Dans la matinée d’hier, le principal port du pays, Oum Kasr, a été fermé après que les protestataires ont bloqué son entrée dans la nuit de mercredi à jeudi. Selon des employés du port, toutes les opérations ont cessé hier et « les camions et le personnel étaient dans l’incapacité d’entrer ou de sortir du complexe » portuaire, a rapporté Reuters. Les autorités irakiennes ont annoncé l’instauration d’un couvre-feu dans l’objectif de dissuader les manifestants de descendre dans la rue, avant de l’annuler quelques minutes avant son entrée en vigueur hier après-midi.

« Il y a une sorte d’amplification des griefs parce qu’il y a aussi un vide politique alors que la formation d’un nouveau gouvernement se fait attendre. Ce qui se fait sentir à travers un certain nombre de dysfonctionnements institutionnels », observe Mme Benraad. « Il n’y a pas d’institutions qui représentent vraiment l’État central dans ces régions – en tout cas elles ne fonctionnent pas », explique-t-elle, avant d’ajouter que « les autorités provinciales ne sont pas très appréciées par le peuple parce que, de la même manière que le gouvernement central a été incapable d’apporter à la population ce qu’elle demandait, elles n’ont pas un bilan exceptionnel non plus ».

Le travail des autorités irakiennes est d’autant plus délicat qu’elles sont particulièrement affaiblies depuis la lutte acharnée menée par Bagdad contre les jihadistes de l’EI qui continuent d’opérer dans certaines zones du pays. S’ajoutent à cela les difficultés de la classe politique à s’entendre et la longueur des tractations pour la formation d’un gouvernement depuis les élections législatives de mai dernier. « Les promesses de changement se sont déjà noyées dans les tractations qui ont eu lieu après l’élection », alors que certains candidats tels que Moqtada Sadr ont défendu une ligne politique antisystème, note la spécialiste. Selon Mme Benraad, les manifestants dénoncent ainsi « la déconnexion de ces élites politiques et cette petite cuisine politique à Bagdad qui ne correspond pas du tout à ce qui se passe sur le terrain et aux demandes des civils ».

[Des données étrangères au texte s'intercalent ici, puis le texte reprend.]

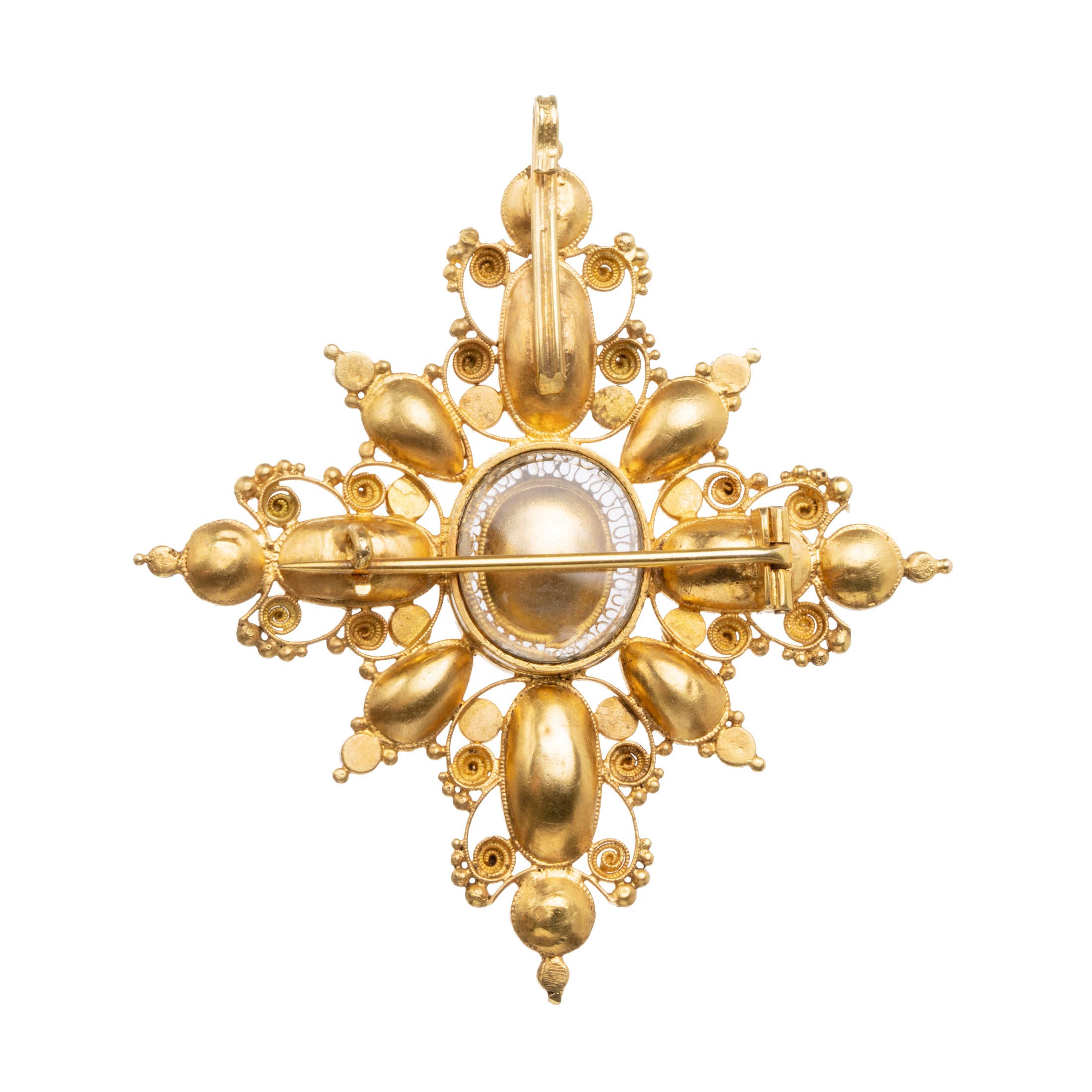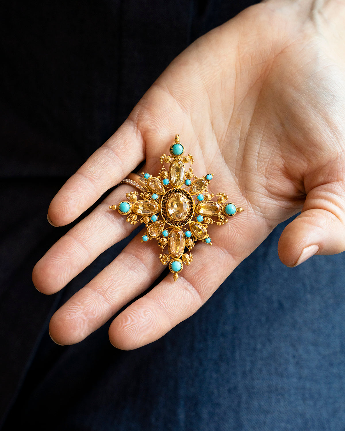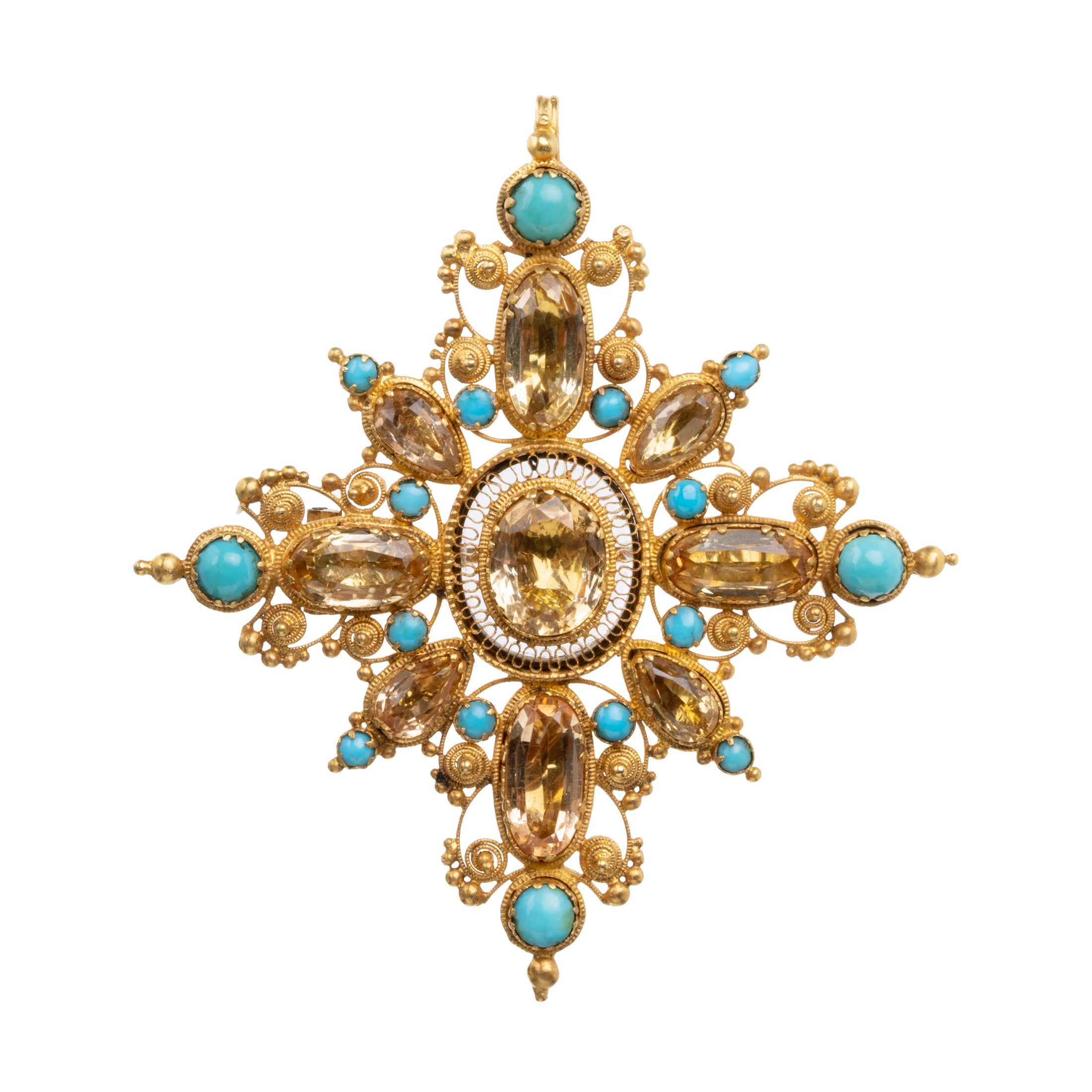 Beautiful cruciform pendant with bright topaz and turquoise stones. Intricate gold work in high carat gold. Convertible from a pendant into a brooch. English in origin. Circa 1830. Glass locket compartment is intact but not easily accessible.

Avec la montée des revendications sociales dans le Sud, « les dirigeants politiques irakiens sont actuellement dans une mauvaise situation », souligne M. Kadhim. « D’un côté, M. Abadi n’a que quelques semaines avant la fin de son mandat et il est face à une opposition difficile pour un second mandat », poursuit-il. Selon lui, « la plupart de son temps et de son énergie sont consommés dans cette lutte politique et très peu par l’exécution de ses tâches de gouvernance. Il a perdu quatre ans sans rien faire pour lutter contre la corruption ou améliorer les services, et il essaie maintenant de faire le travail de quatre ans en quatre semaines ». « Ces manifestations pourraient mettre fin à ses espoirs pour un second mandat », conclut M. Kadhim.